Историографический анализ

чему учили в книжных училищах. 2579 1. чему учили в книжных училищах фото. чему учили в книжных училищах-2579 1. картинка чему учили в книжных училищах. картинка 2579 1.В опрос о характере, содержании, уровне и формах древнерусской образованности составлял один из важных предметов напряженной полемики в русской общественной мысли на протяжении последних пяти царствований. В начале XIX века именно он впервые разделил отчетливо два основные русла — славянофилов и западников. В конце XIX века обсуждение этого вопроса находилось на острие «борьбы за школу», своеобразного русского «культуркампфа». Оценку роли Церкви в деле просвещения России, в русской культуре связывали с вопросом о мере участия Церкви в деле просвещения в дальнейшем.
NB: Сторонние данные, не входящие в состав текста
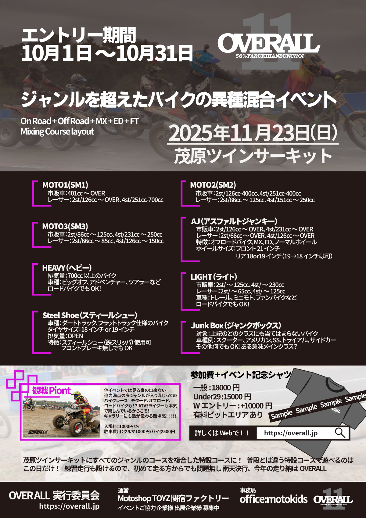 OVERALL11 10月1日からエントリー開始!! 未分類 2025.09.18 11月23日に茂原ツインサーキットで行われる、「 OVERALL 」10月1日からついにエントリーが開始されます!詳細の情報は順次更新されてまいりますので、SNSやホームページをご確認ください今回更新されているのはクラスエントリーはこちら(エントリーはまだできません)の2ページとなっております。 ポスターをダウンロード 2025OVERALL-FLY003ダウンロード

Сторонники укрепления влияния Церкви на русскую школу стремились показать, что ее участие в деле просвещения во все периоды русской истории было успешным и плодотворным. Противники (либералы, социалисты) отстаивали тезис о том, что, имея в своих руках все русское просвещение на протяжении веков, русская Церковь так и не сумела его хорошо организовать, а значит, в дальнейшем не должна допускаться к организации школьного дела в России либо радикально изменить собственные подходы к образованию. Задача статьи — показать историографическую эволюцию вопроса, опираясь как на историко-церковные, так и на историко-педагогические подходы и дать очерк его современного состояния.
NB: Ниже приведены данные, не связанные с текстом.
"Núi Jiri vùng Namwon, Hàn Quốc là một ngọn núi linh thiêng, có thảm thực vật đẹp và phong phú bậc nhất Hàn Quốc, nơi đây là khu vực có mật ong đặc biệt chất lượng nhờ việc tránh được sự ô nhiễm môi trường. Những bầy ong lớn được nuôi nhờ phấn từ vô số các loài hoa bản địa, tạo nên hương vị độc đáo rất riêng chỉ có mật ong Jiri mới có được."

В идеологии петровских и послепетровских образовательных реформ последовательно проводится мысль о полном невежестве допетровской России. Просвещение насаждается на девственной почве, перенимается от образованных европейских народов, где уже дает обильные плоды. Русским следует осваивать плоды просвещения и скорее укоренять его на своих пажитях. Это светское просвещение, оно способствует росту изобилия и совершенствованию нравов, правильному устроению гражданской жизни и пользе государства. Прежнее русское просвещение для решения этих задач бесполезно, оно ограничено исключительно вопросами веры и церковной жизни, распространяется в пределах священнического сословия, и в этих границах и должно оставаться. Идеология эта распространяется тем успешнее, что одно из первых лиц в Церкви — Феофан Прокопович — активный проводник этих идей.
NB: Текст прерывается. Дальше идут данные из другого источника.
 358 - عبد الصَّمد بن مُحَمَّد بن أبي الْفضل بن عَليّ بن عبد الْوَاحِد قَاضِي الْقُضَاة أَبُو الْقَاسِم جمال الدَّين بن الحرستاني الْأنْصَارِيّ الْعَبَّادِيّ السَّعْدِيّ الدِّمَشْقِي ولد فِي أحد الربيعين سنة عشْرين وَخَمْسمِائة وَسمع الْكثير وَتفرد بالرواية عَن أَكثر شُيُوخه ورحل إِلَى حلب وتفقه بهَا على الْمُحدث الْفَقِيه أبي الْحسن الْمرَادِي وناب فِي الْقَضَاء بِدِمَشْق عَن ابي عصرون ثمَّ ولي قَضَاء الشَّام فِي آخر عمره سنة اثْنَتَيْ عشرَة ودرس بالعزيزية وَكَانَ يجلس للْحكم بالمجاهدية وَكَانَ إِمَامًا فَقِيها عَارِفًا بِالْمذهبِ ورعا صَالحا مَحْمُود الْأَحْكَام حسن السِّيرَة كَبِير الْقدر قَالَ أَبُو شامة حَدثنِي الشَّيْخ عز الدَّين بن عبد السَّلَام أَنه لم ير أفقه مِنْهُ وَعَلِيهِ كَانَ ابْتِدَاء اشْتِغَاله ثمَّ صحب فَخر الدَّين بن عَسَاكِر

Точку отсчета, исходя из которой данная идеология может быть подвергнута конструктивной критике, а вместе с тем и точку построения научной методологии исследования образованности в русской культуре задает И. В. Киреевский в его работах «XIX век» (1832 г.) и «О характере просвещения Европы и его отношении к просвещению России» (1852). В них мы видим, что, отказываясь от противопоставления «образованного Запада» и «непросвещенной России», он предлагает идею «типа» образованности. И. В. Кириевский обращает внимание на то, что в Древней Руси, несмотря на видимое отсутствие систематического школьного образования, мы встречаемся с высокой культурой нравственного просвещения народа, источником которого является Церковь. Он полагает, что возрожденческий поворот Запада к систематическому образованию по типу античности не может оцениваться однозначно положительно. Этот поворот означал отказ от святоотеческой традиции духовного просвещения, которая не только целиком вбирает в себя систематическую школу античности, но и восполняет ее, образуя новый тип, органично сочетающий «внешнее» (система, логика, дисциплина ума) и «внутреннее» (нравственное, «сердечное») просвещение. Киреевский связывает перспективу развития просвещения в России с утверждением его на основаниях святоотеческой традиции.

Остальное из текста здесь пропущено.